** Given material follows **

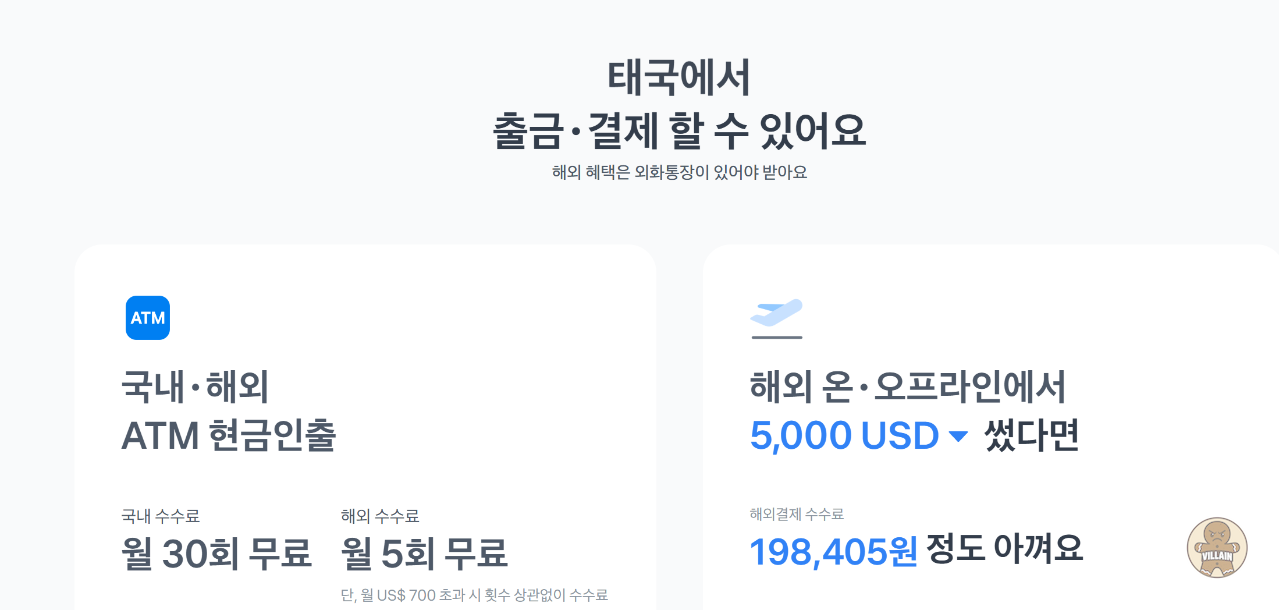 해외여행에 필수적인 건 환전에는 여러 방법이 있다. 태국은 아직까지 신용카드 결제를 받지 않는 가게가 많고 노점 등에서도 QR코드나 현금 만 취급하니 현금이 필수다. 여행산업이 발달한 태국은 다양한 환전 방법을 갖추고 있다. 원화를 그대로 들고 가서 현지 환전소에서 바꾸는 방법도 있고, 국내에서 환율 우대를 받아 달러로 환전해 가지고 간 뒤 현지 환전소를 이용할 수도 있다. 그렇지만 이 방법은 대체로 수수료가 많이 들고 번거로운 방식이다.
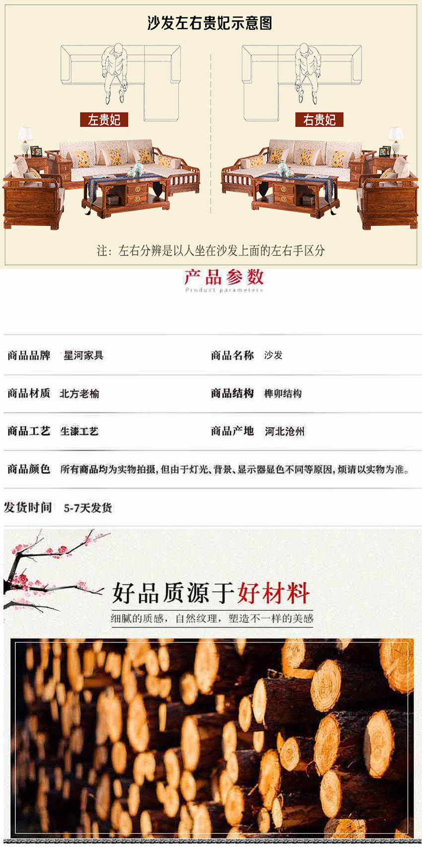1. 产品材质:老榆木
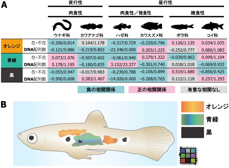 図3.沖縄のグッピー生息地で検出される魚類グループとグッピー雄成魚の色斑の大きさの相関関係.(A) 本研究で調査したグッピー生息地8か所・4時点から、合計4回以上検出された魚類6科の存在および環境DNA検出配列数と、305個体のグッピー雄成魚の色斑3種の相対面積について相関解析を行った.(B) 本研究で行った画像解析の模式図。オレンジ、青緑(構造色)、黒の色斑面積(ピクセル数)について、固定距離カメラで撮影して色斑/体表の相対面積を解析した

** End of Given material **

● About this exercise
Send back the listing exactly as it stands. Do not include the pictures.

● Answer space
 해외여행에 필수적인 건 환전에는 여러 방법이 있다. 태국은 아직까지 신용카드 결제를 받지 않는 가게가 많고 노점 등에서도 QR코드나 현금 만 취급하니 현금이 필수다. 여행산업이 발달한 태국은 다양한 환전 방법을 갖추고 있다. 원화를 그대로 들고 가서 현지 환전소에서 바꾸는 방법도 있고, 국내에서 환율 우대를 받아 달러로 환전해 가지고 간 뒤 현지 환전소를 이용할 수도 있다. 그렇지만 이 방법은 대체로 수수료가 많이 들고 번거로운 방식이다.
1. 产品材质:老榆木
 図3.沖縄のグッピー生息地で検出される魚類グループとグッピー雄成魚の色斑の大きさの相関関係.(A) 本研究で調査したグッピー生息地8か所・4時点から、合計4回以上検出された魚類6科の存在および環境DNA検出配列数と、305個体のグッピー雄成魚の色斑3種の相対面積について相関解析を行った.(B) 本研究で行った画像解析の模式図。オレンジ、青緑(構造色)、黒の色斑面積(ピクセル数)について、固定距離カメラで撮影して色斑/体表の相対面積を解析した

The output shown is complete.